● **DATA FOR THIS EXERCISE**
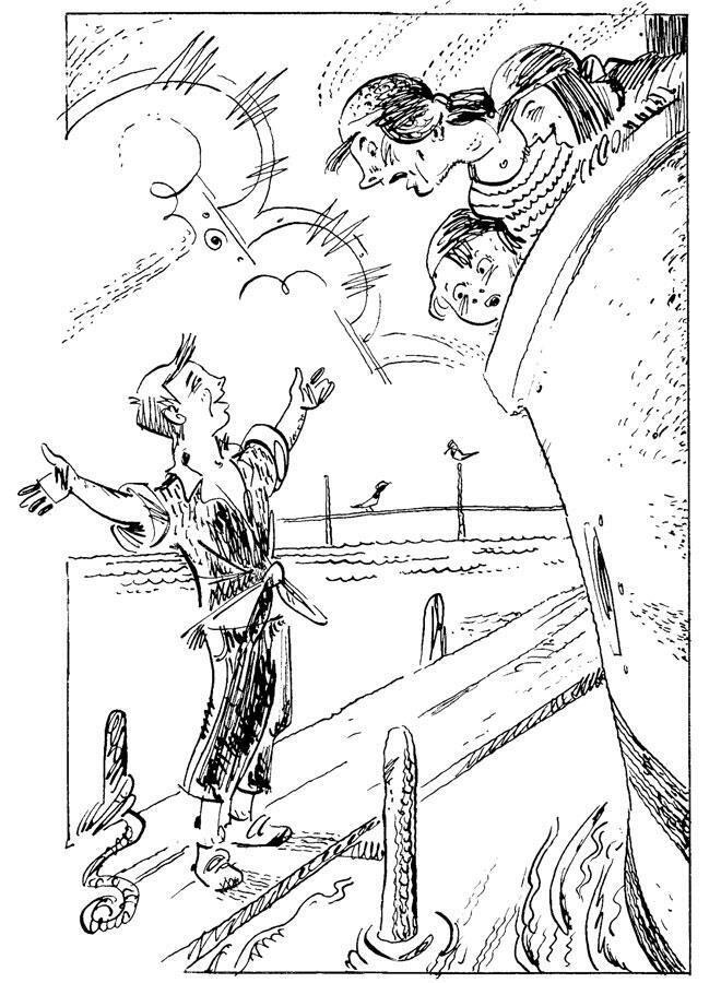 Артем испугался: надо спешить, а то отчалят без него. Он шагнул на палубу, пригибаясь, чтобы его не заметили. Но зацепился ногой о свернутый канат и с грохотом упал.
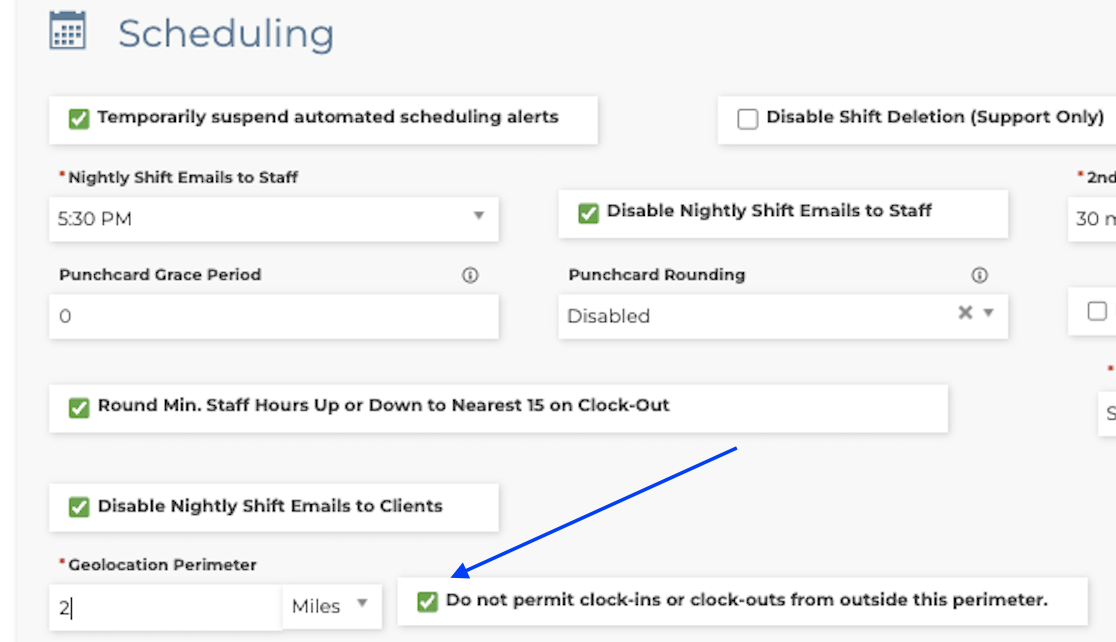 This would be helpful if you have a Client that staff may clock in for Office or Admin duties. If your GEO location perimeter is required to be within a certain distance this may cause issues for staff at clock in. You can now exempt those clients so the staff can clock in from any address without issues. This will keep the GEO location perimeter required for all other clients.
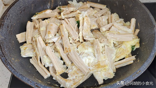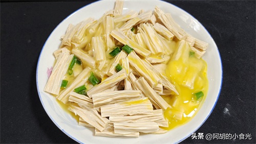 第四步:打散四个鸡蛋,再鸡蛋液里撒入一把葱花,而后将鸡蛋液淋入腐竹里拌匀。锅里加食用油烧热后把腐竹鸡蛋液倒入锅内炒凝固出锅待用,这样腐竹就和鸡蛋“融合”了!
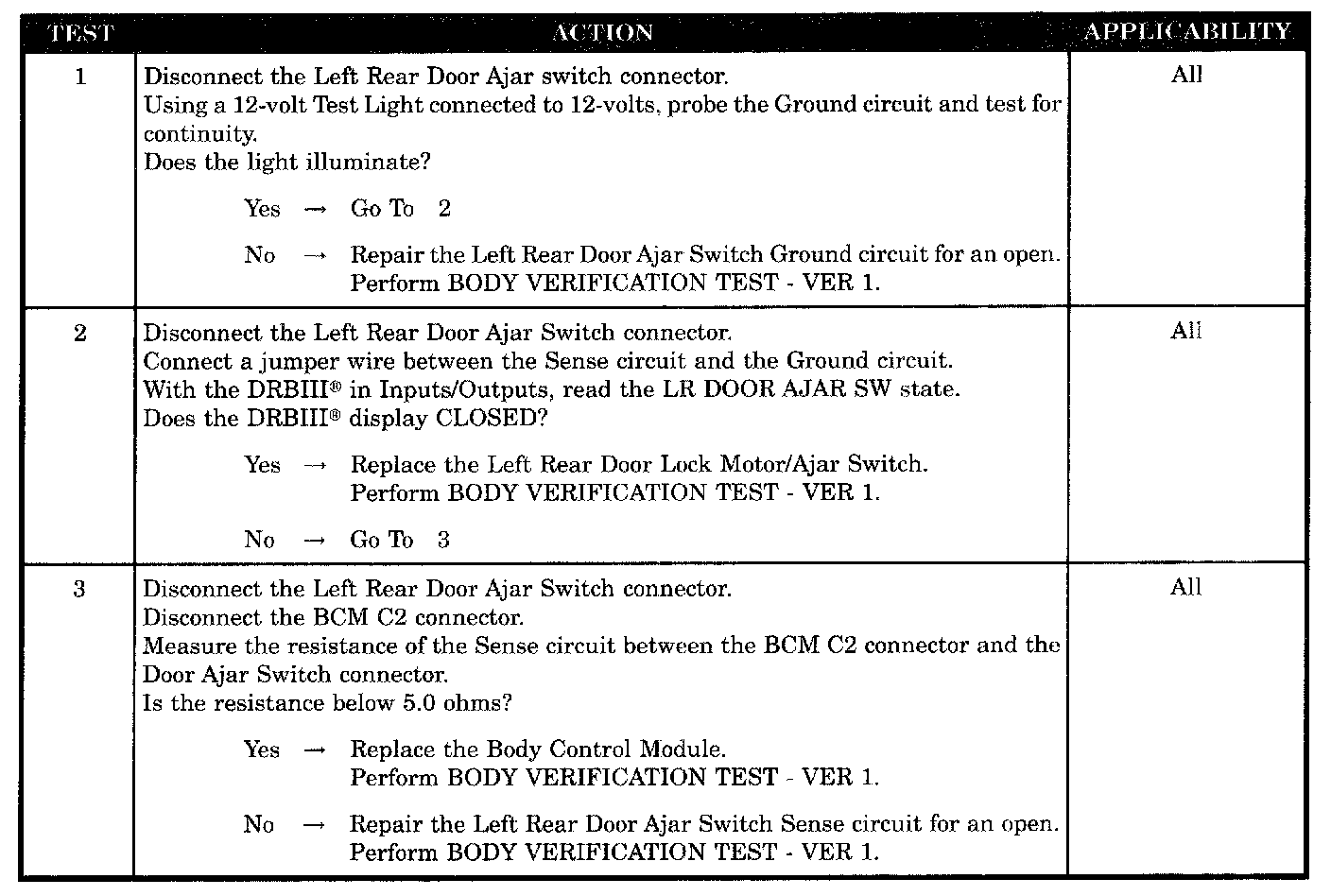 LEFT REAR DOOR AJAR CIRCUIT OPEN
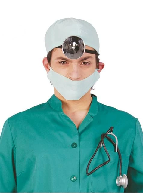 Incluye una mascarilla gris, un gorro gris y un estetoscopio.
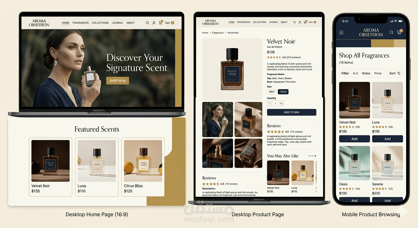 قمنا بتطوير منصة تجارة إلكترونية للعطور الفاخرة، مع التركيز على الأداء وقابلية التوسع. بنى فريقنا واجهة المستخدم باستخدام React لتوفير تجربة مستخدم سلسة، بينما اعتمدنا NestJS على الواجهة الخلفية لضمان بنية API آمنة وقوية.
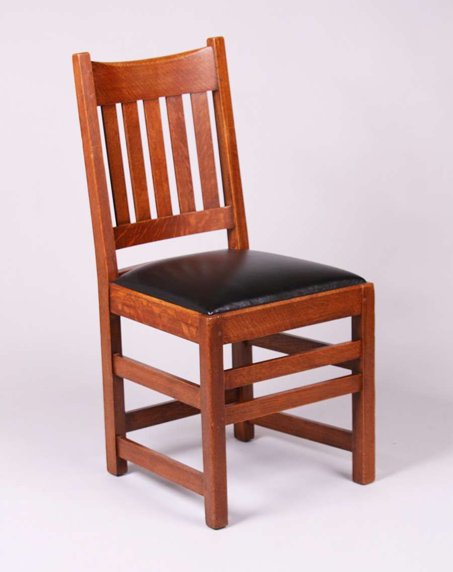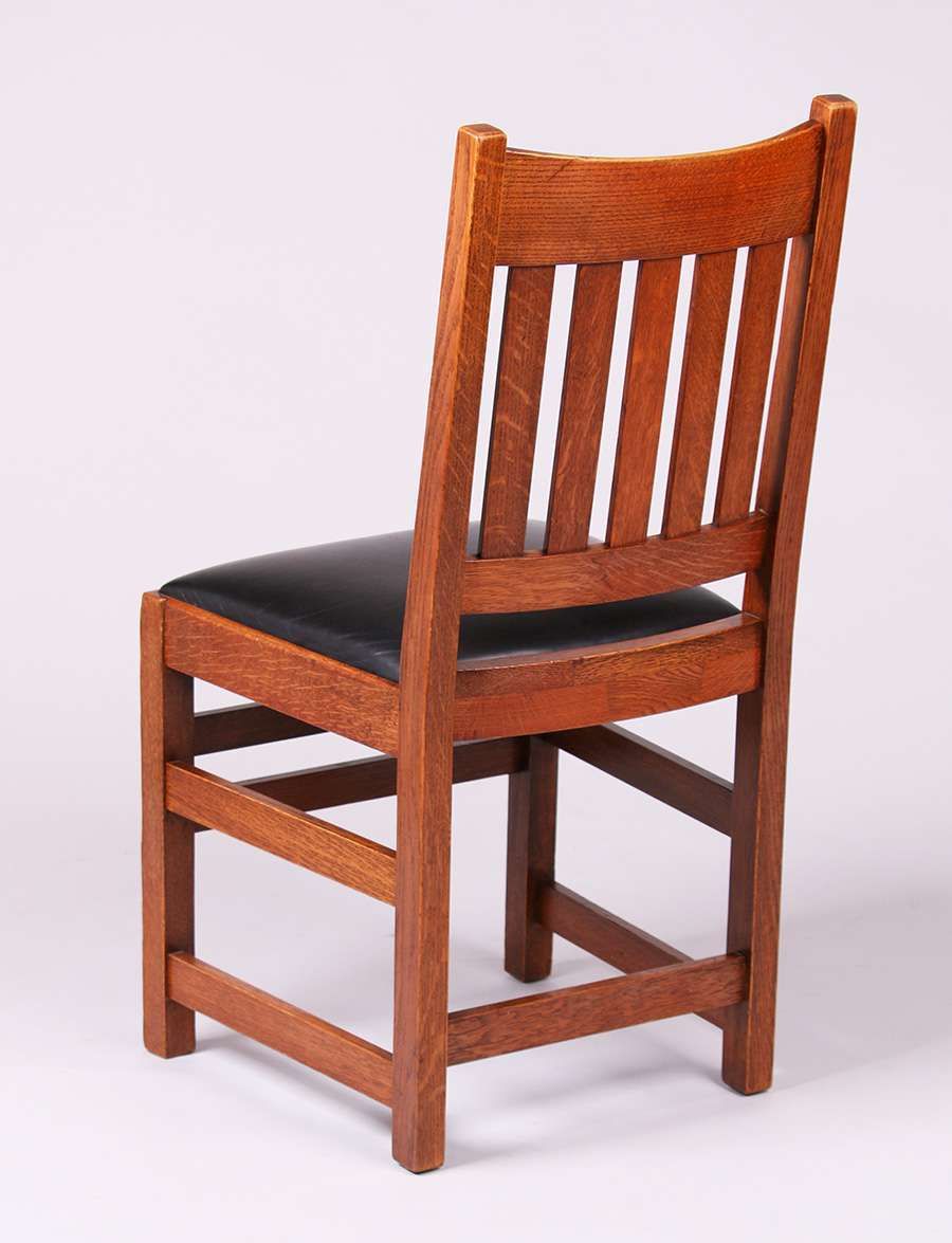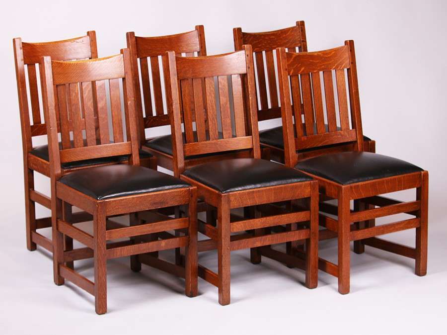 Set of 6 Limbert Dining Chairs with five vertical slats. Original finish. Signed with branded mark. 36.5"h x 17.5"w x 17"d SOLD
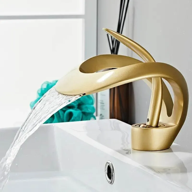 Dieses Angebot umfasst einen kreativ gestalteten Messing-Wasserfallhahn, der Ihren Raum mit seiner einzigartigen Ästhetik und Funktionalität verzaubert. Erleben Sie die perfekte Verbindung von Eleganz und Modernität mit dieser markanten Ergänzung für Ihr Zuhause.
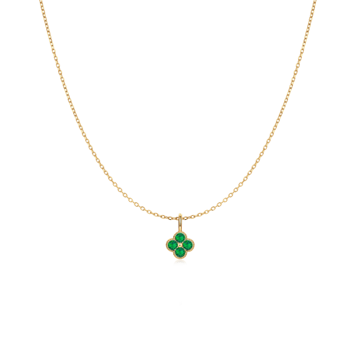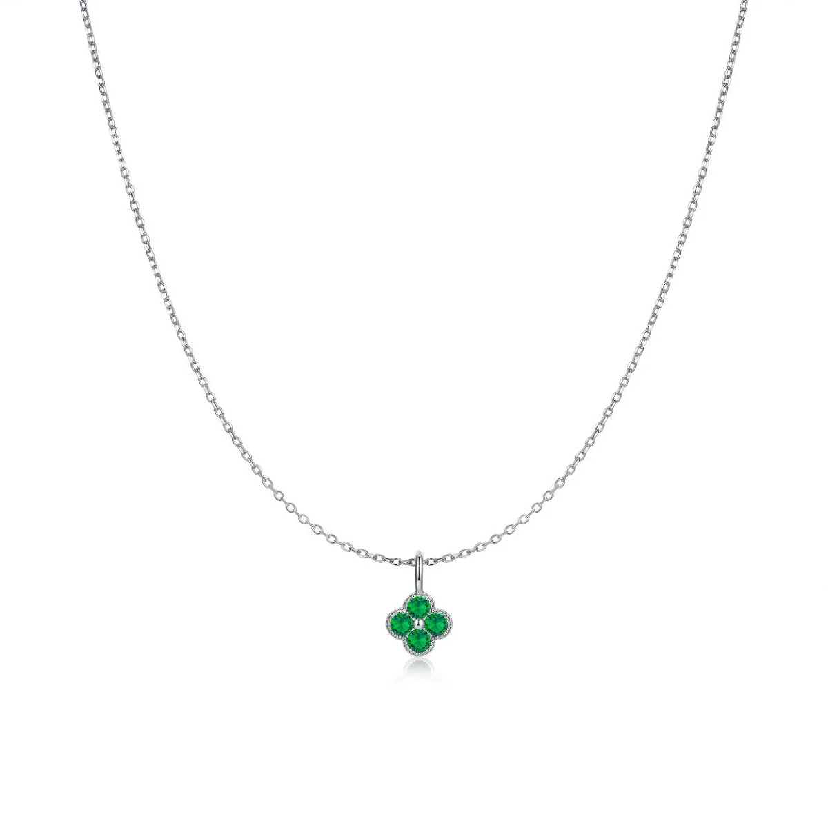 Collar de cadena fina con colgante de flor de cuatro p茅talos con circonitas rojas, blancas o verdes, incrustadas en cada hojita, para escoger tu modelo favorito, elaborado en plata de primera ley (S925).
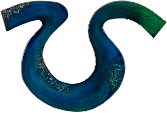 Water Features is a collection of works inspired by encounters with waterways the world over. Captivated by the rivers that carve their way through Alberta, Brooks began experimenting with different resins for their ability to retain fluid features in a solid state. Sculptural in the way that handmade river elements are embedded, the works retain a distinct painterly quality with the tinted layers of resin designed to add movement and depth.
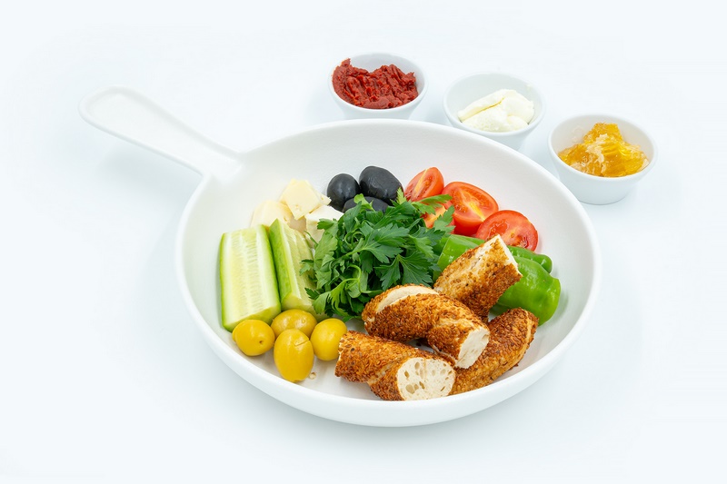 Ezine beyaz peynir , sokak simidi , çengelköy salatalığı , çeri domates , kırma yeşil zeytin , köy biberi , siyah kalamata zeytin , maydanoz
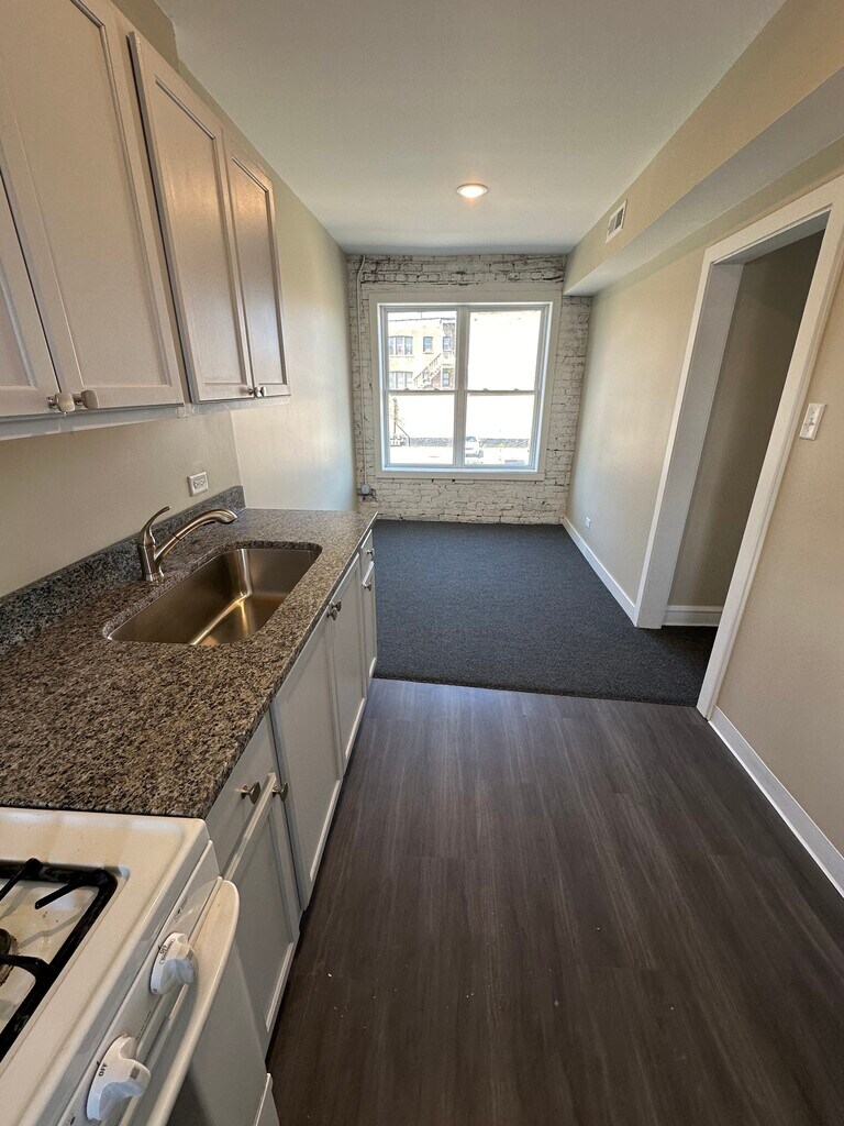 Newly remodeled apartment featuring central air conditioning, granite countertops, new windows, electric and plumbing Storage unit in the basement On site laundry Walk to Metra, grocery store and Starbucks
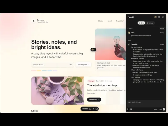 No more endless Slack threads, unclear screenshots, or ambiguous bug reports. Ask Floatable or a teammate anything about the UI, tokens, code history, or product rationale — get answers immediately.
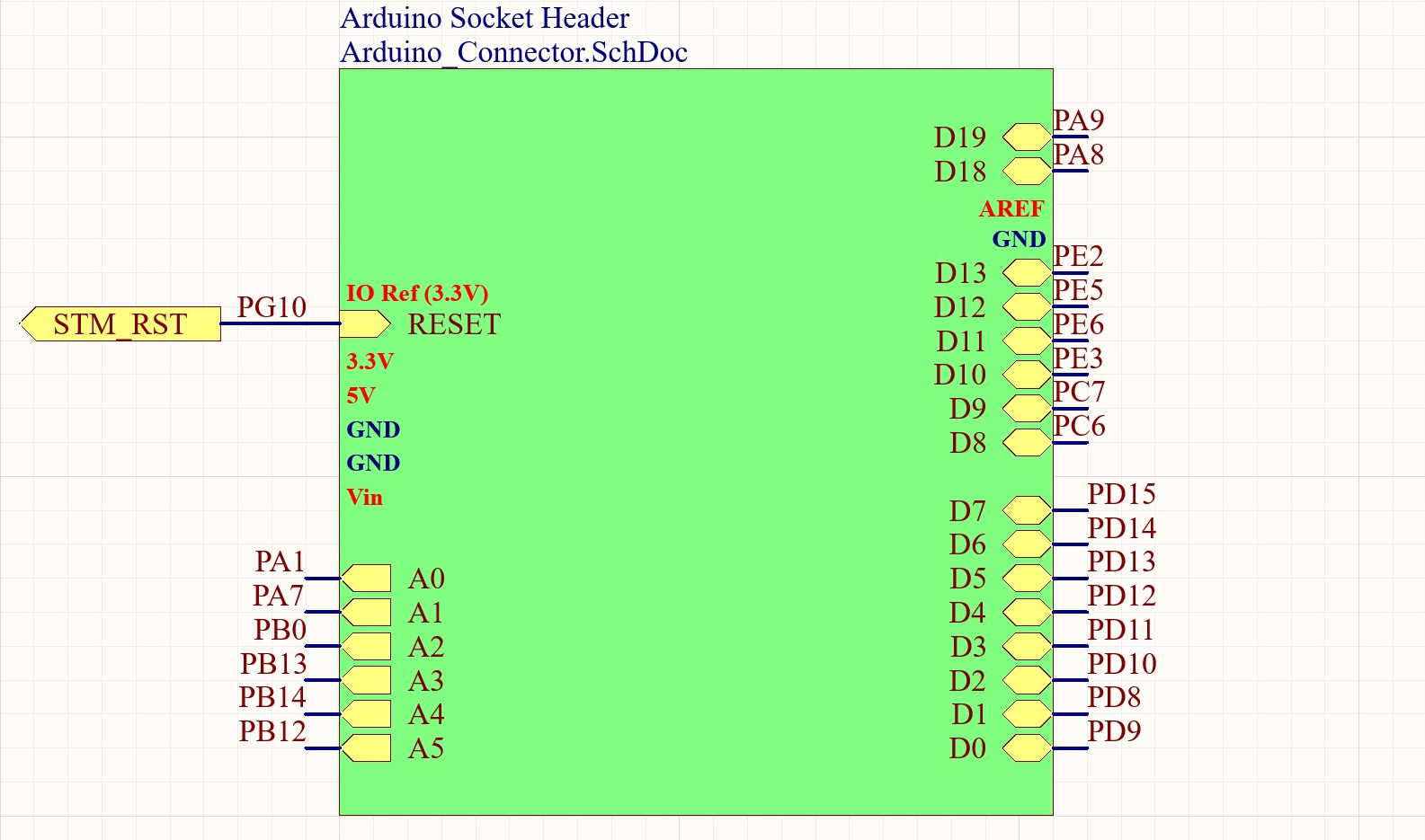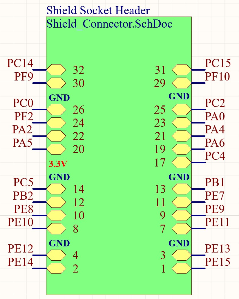 The mainboard IOs are 3.3 V or 5V tolerant. the 5V tolerant IOs show an extra “x“ as an indicator on the PCB silkscreen.

● **INSTRUCTIONS TO FOLLOW**
Write out the material above precisely, leaving each picture behind.

● **OUTPUT FOR THIS EXERCISE**
 Артем испугался: надо спешить, а то отчалят без него. Он шагнул на палубу, пригибаясь, чтобы его не заметили. Но зацепился ногой о свернутый канат и с грохотом упал.
 This would be helpful if you have a Client that staff may clock in for Office or Admin duties. If your GEO location perimeter is required to be within a certain distance this may cause issues for staff at clock in. You can now exempt those clients so the staff can clock in from any address without issues. This will keep the GEO location perimeter required for all other clients.
 第四步:打散四个鸡蛋,再鸡蛋液里撒入一把葱花,而后将鸡蛋液淋入腐竹里拌匀。锅里加食用油烧热后把腐竹鸡蛋液倒入锅内炒凝固出锅待用,这样腐竹就和鸡蛋“融合”了!
 LEFT REAR DOOR AJAR CIRCUIT OPEN
 Incluye una mascarilla gris, un gorro gris y un estetoscopio.
 قمنا بتطوير منصة تجارة إلكترونية للعطور الفاخرة، مع التركيز على الأداء وقابلية التوسع. بنى فريقنا واجهة المستخدم باستخدام React لتوفير تجربة مستخدم سلسة، بينما اعتمدنا NestJS على الواجهة الخلفية لضمان بنية API آمنة وقوية.
 Set of 6 Limbert Dining Chairs with five vertical slats. Original finish. Signed with branded mark. 36.5"h x 17.5"w x 17"d SOLD
 Dieses Angebot umfasst einen kreativ gestalteten Messing-Wasserfallhahn, der Ihren Raum mit seiner einzigartigen Ästhetik und Funktionalität verzaubert. Erleben Sie die perfekte Verbindung von Eleganz und Modernität mit dieser markanten Ergänzung für Ihr Zuhause.
 Collar de cadena fina con colgante de flor de cuatro p茅talos con circonitas rojas, blancas o verdes, incrustadas en cada hojita, para escoger tu modelo favorito, elaborado en plata de primera ley (S925).
 Water Features is a collection of works inspired by encounters with waterways the world over. Captivated by the rivers that carve their way through Alberta, Brooks began experimenting with different resins for their ability to retain fluid features in a solid state. Sculptural in the way that handmade river elements are embedded, the works retain a distinct painterly quality with the tinted layers of resin designed to add movement and depth.
 Ezine beyaz peynir , sokak simidi , çengelköy salatalığı , çeri domates , kırma yeşil zeytin , köy biberi , siyah kalamata zeytin , maydanoz
 Newly remodeled apartment featuring central air conditioning, granite countertops, new windows, electric and plumbing Storage unit in the basement On site laundry Walk to Metra, grocery store and Starbucks
 No more endless Slack threads, unclear screenshots, or ambiguous bug reports. Ask Floatable or a teammate anything about the UI, tokens, code history, or product rationale — get answers immediately.
 The mainboard IOs are 3.3 V or 5V tolerant. the 5V tolerant IOs show an extra “x“ as an indicator on the PCB silkscreen.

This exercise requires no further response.